Now why do I keep saying this and why do I think my opinion matters? How many here have computer background? I mean professional computer stuff, not just hobby or amateur building. . .
-I built my first computer in the80's,
-programmed in multiple languages including the machine code (the one that uses ones and zeros to talk to the CPU directly) and assembler
-built systems for living for many years,
-set up a tech support/repair departments for small computer stores (as consultant/subcontractor),
-went to one of the best computer engineering programs in US (Case Western Reserve University ranked 4th ahead of Stanford when I was there),
- owned a computer networking company,
-was an IBM business partner reselling their parts and systems with my next business (with 20+ employees).

So, yes, I think my opinion has some credence (at least when it comes to computers)! The sample size I am pulling my information from is more than one or two systems ppl built for themselves. Does this mean workstations are the right choice for everybody? No, it does not, but unless you are somebody like Brandt that has spend hundreds of hours building and researching, chances are you'd be better off with a workstation (and most likely a workstation might serve you better in that instance too!).

And with this, I am done explaining myself. Anybody wanting another opinion, feel free to PM or call, I'll gladly share my sources and insights.

pierre

I assume this is basically directed at me. 

I have never really said you do not know what you are talking about, you have some knowledge.  You have also admitted a lot has changed.  Even a year away from the tech world is almost a life time and you know it.  What I am trying to get across is the deal link you used to post so much, was filled with a lot of outdated computers with only a few decent ones in there.  But most if not all were refurbished.  Many with a CPU at least 2-3 years old some much older.  I mean like one guy is boasting here having bought one with a $399 video card, that's great but it is slower than a $150 video card from today.  Does that mean it sucks?  Nah not at all, but once again context is important. 

In other words I think you are dishing out a lot of advice with out any context.  People will take your advice and assume one thing that may be in fact another.  SOME of those think stations were good value, in fact in one thread I even pointed out a couple.  MANY of them were actually NOT a great value for a main rig.  Might be good for a side task type  machine (shipping/vinyl machine/etc). 

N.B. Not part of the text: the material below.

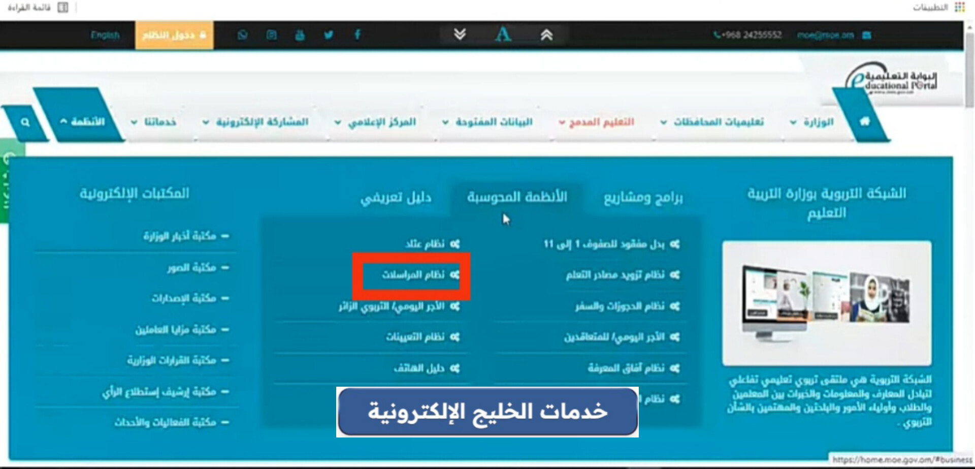 يمكن تسجيل الدخول إلى نظام المراسلات الإلكتروني ضمن البوابة التعليمية في سلطنة عمان عبر اتباع الخطوات التالية: [1]

When someone looks at a car today they wonder does it have remote start, and Bluetooth.  When they go to Lexus and pick up that certified used car they probably quickly compare it's options with what a new car has today.  When you are giving out computer advice it's probably important to qualify what they AREN'T getting with some of those machines, since a lot of these people don't know any better.  I know at one point I didn't even see a single Sata III machine in the list.  I haven't looked since this last chat about it but that's just one example.  I remember the but they have great processors argument, like 2 computers in the list had great processors at one point.  I mean how good is a processor that a desktop quad core from 5 years ago is still faster than it?

Context!!!!!!!!!
Title: Re: New PC...Custom or Stock
Post by: mk162 on December 14, 2012, 08:53:49 AM
My opinion is go with the used Thinkstation, but buy a decent one.  This is only my opinion, but I am of course the world's leading expert on my opinion.